In Figure 1, arrow 1 denotes the continuous and dosed intake of the plant raw material in a processing plant. The raw material arrives at a pressing and measuring station, denoted by block 2, where the raw material is crushed and dissolved, as part of the juice is already pressed out here. The raw material to be processed then reaches a first separation device 3 where the liquid phase is separated from the solid substance.

The solid is fed into a first drying and briquetting station 4, heated, pressed and formed into pellets.

The liquid is transported to a coagulation station 5 and treated here with a coagulant.

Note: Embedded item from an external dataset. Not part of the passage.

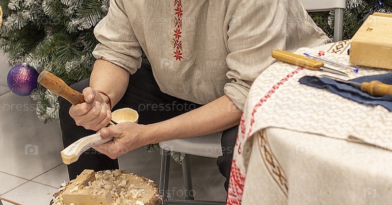 Мужчина в традиционном белорусском костюме делает сувениры плетением из бересты. Путешествия

The liquid treated in this way then enters a second separation device 6 where the coagulated part is separated from the remaining liquid. The coagulated part is dried in a second drying and briquetting station 7, pressed and processed into pellets, so that the remaining liquid indicated by the arrow 8 can be used further, for example for the extraction of yeast or for use as fertilizer or for the development of biodynamic gas. The pellets produced in the two drying and briquetting stations 4, 7 form a product which can be easily handled and which can be stored, packed and transported in a known manner.

The plant shown in Figures 2 and 3 has a dosing device 10 into which the raw material is introduced. The raw material is fed to a supply roller 12 with carriers 13 of a conveyor belt 11 while dosing is carried out with a rotary valve 14. The intake roller 12 transports the raw material on a conveyor belt 15 which feeds a rotary, pressing and grinding unit 16. The pressing and grinding unit 16 is one. double screw press of special design where the raw material is divided, pressed, i.e. dissolved and where some of the juice is extracted.

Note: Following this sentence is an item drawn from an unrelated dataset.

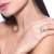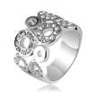 Precioso anillo en baño de oro blanco de 18 quilates, diseño de círculos engarzados, con incrustaciones de cristales blancos.
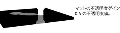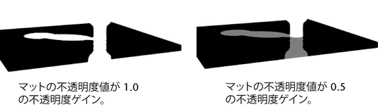 マット チャネルをまず計算し、それから指定したマットの不透明度(Matte Opacity)値を掛け合わせます。計算された不透明度ゲイン(Opacity Gain)値は、このマテリアルで生成されるマット値に対する乗数として使用されます。

In connection with the pressing and grinding plant 16 is a roller juice press where the raw material is rinsed in a liquid phase and a solid phase. The roller juicer 17 has rotating rollers 18 which roll against the raw material which is on a filter material and thus squeezes it out. At the same time, the solids are transported via a line 19 into a drying and briquetting plant 20. The drying and briquetting plant 20 is a specially designed screw press, where the solids are dried, pressed and formed into pellets. It is essential that with these pellets there is a finished product that does not need further processing. The pellets must only be cooled on a conveyor belt 21 and at its end, in a manner not shown, stored, packed and transported away.

The liquid that comes from the horizontally lying roller juicer 17 is collected in a vessel 22 and transported via a line 2 3 to a coagulation device 24 where the dry part of the liquid is coagulated with the help of a coagulant 25. As coagulant, for example, heat or natural respectively chemical fermentation agents. The coagulation device 24 can work in cycles or continuously.

The coagulated liquid penetrates via a line 26 into

a roller juicer 27 where the coagulated part is separated from the remaining liquid. The roller juicer 27 can be designed in the same way as the roller juicer 17 and likewise be stored horizontally.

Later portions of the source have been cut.